Saturday, May 19, 2007

Final Dedication

Let's countdown. Few more days to go, 7 days left precisely. Staring at the clouds is doing nothing. However, it means much more gloom and rain. This is because these days are windy. It is hard to understand why I came here, but it is more important to realize the value that adding life cover brings. There is much joy, sadness and anger for what I had been through. I found the gift which fuels and heals up myself. Thanks to all my truthful friends all these while. Your kindly support are very much appreciated. Celebrating together makes more worthwhile memories. Thanks to them especially, who always inject me with extra doses of encouragement and motivation. Your lovely smiles, and applauses are great welcoming cheers in making the party enjoyable all the time.

I had been through depression. I was drowned, and haunted by nightmares. Instead of grieving, I became aggressive and started to look answers at the wrong places. I was spiraling out of control in darkness. Seemingly, I was intoxicated by unidentified venom. I was collapsed and fallen. My head was foggy because I was unable to solve problems myself. Thanks to those psychedelics who wake me up from fooling around!

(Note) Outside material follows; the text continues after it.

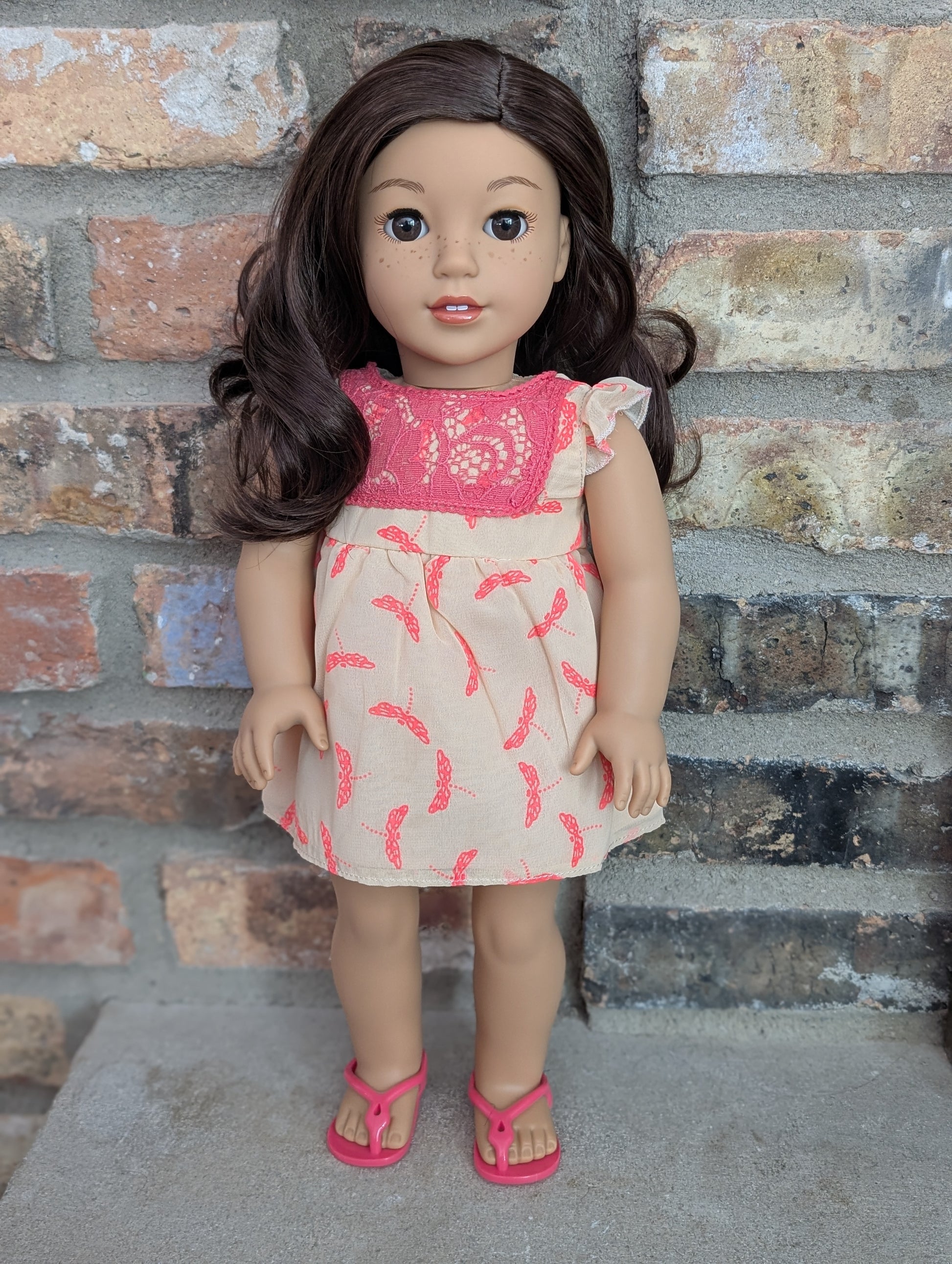 This one of a kind OOAK custom American Girl doll was created with a brand new doll, a brown wig, and brown eyes. She has lip gloss and freckles that were hand painted and sealed. She may have some minor shine marks from handling. She comes with the outfit pictured.

The hard part came when I was binded to work under insane supervisor. Wearily caught up in crazy getups, I wonder what the rational points might be. If there was obvious witness and videotape which can show the horrible reality than I am working without dignity and sensationalism, it will be worth more than a thousand words. I am happy because I realized the worst is over, now that the truth has been told. The fear has faded away, to be replaced with profound happiness and excitement.

Luck strucks when I am soon required to enter interviews. I feel I could encounter perfect legacy for myself for which I could bring myself to life again, leaving powerful lessons behind. There is still another glimmer in the gloomy sky. As we watched, it could grow bigger.